With the line containing "Налични LED светлини" as the start and the line containing "Május 1-jétől elérhetőek" as the end, transcribe that span of the entries below exactly, including both.

(PROVIDED RECORDS Opens)

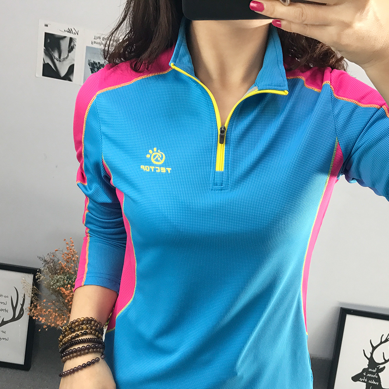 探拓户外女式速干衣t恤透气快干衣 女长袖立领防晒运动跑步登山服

(PROVIDED RECORDS Closes)
(PROVIDED RECORDS Opens)

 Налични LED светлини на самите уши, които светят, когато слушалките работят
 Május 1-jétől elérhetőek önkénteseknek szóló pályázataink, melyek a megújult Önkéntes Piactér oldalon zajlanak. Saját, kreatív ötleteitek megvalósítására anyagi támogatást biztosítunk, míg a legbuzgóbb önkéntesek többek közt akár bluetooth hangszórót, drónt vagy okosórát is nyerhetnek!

(PROVIDED RECORDS Closes)

**ANSWER**
 Налични LED светлини на самите уши, които светят, когато слушалките работят
 Május 1-jétől elérhetőek önkénteseknek szóló pályázataink, melyek a megújult Önkéntes Piactér oldalon zajlanak. Saját, kreatív ötleteitek megvalósítására anyagi támogatást biztosítunk, míg a legbuzgóbb önkéntesek többek közt akár bluetooth hangszórót, drónt vagy okosórát is nyerhetnek!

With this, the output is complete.